> _To do_: Using the records below, quote only the span that opens with the line containing "出 羊毛款 Alo小众潮牌" and closes with the line containing "Stáhněte si tisknutelné", exactly and inclusively.

> _Provided information_:

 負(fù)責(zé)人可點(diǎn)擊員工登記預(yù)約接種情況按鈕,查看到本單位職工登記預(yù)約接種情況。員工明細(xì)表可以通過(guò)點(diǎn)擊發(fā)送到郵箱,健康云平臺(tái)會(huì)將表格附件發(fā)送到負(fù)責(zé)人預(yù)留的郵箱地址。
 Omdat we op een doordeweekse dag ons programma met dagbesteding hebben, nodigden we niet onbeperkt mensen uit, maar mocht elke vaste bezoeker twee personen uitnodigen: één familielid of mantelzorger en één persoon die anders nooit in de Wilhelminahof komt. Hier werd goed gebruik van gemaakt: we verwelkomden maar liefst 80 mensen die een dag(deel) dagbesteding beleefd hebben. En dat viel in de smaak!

---

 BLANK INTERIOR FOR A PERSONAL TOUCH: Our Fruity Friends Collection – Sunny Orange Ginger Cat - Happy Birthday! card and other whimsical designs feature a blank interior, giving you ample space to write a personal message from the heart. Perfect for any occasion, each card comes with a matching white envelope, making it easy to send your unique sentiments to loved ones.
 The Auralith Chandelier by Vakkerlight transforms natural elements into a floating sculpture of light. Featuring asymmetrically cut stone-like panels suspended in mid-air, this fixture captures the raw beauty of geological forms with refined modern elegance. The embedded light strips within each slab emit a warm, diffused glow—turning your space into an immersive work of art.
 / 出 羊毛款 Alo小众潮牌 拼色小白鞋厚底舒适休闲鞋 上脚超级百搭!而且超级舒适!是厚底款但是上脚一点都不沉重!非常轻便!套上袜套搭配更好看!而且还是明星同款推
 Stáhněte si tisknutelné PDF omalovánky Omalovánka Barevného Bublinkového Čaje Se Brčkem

> _Solution to the exercise_:
 / 出 羊毛款 Alo小众潮牌 拼色小白鞋厚底舒适休闲鞋 上脚超级百搭!而且超级舒适!是厚底款但是上脚一点都不沉重!非常轻便!套上袜套搭配更好看!而且还是明星同款推
 Stáhněte si tisknutelné PDF omalovánky Omalovánka Barevného Bublinkového Čaje Se Brčkem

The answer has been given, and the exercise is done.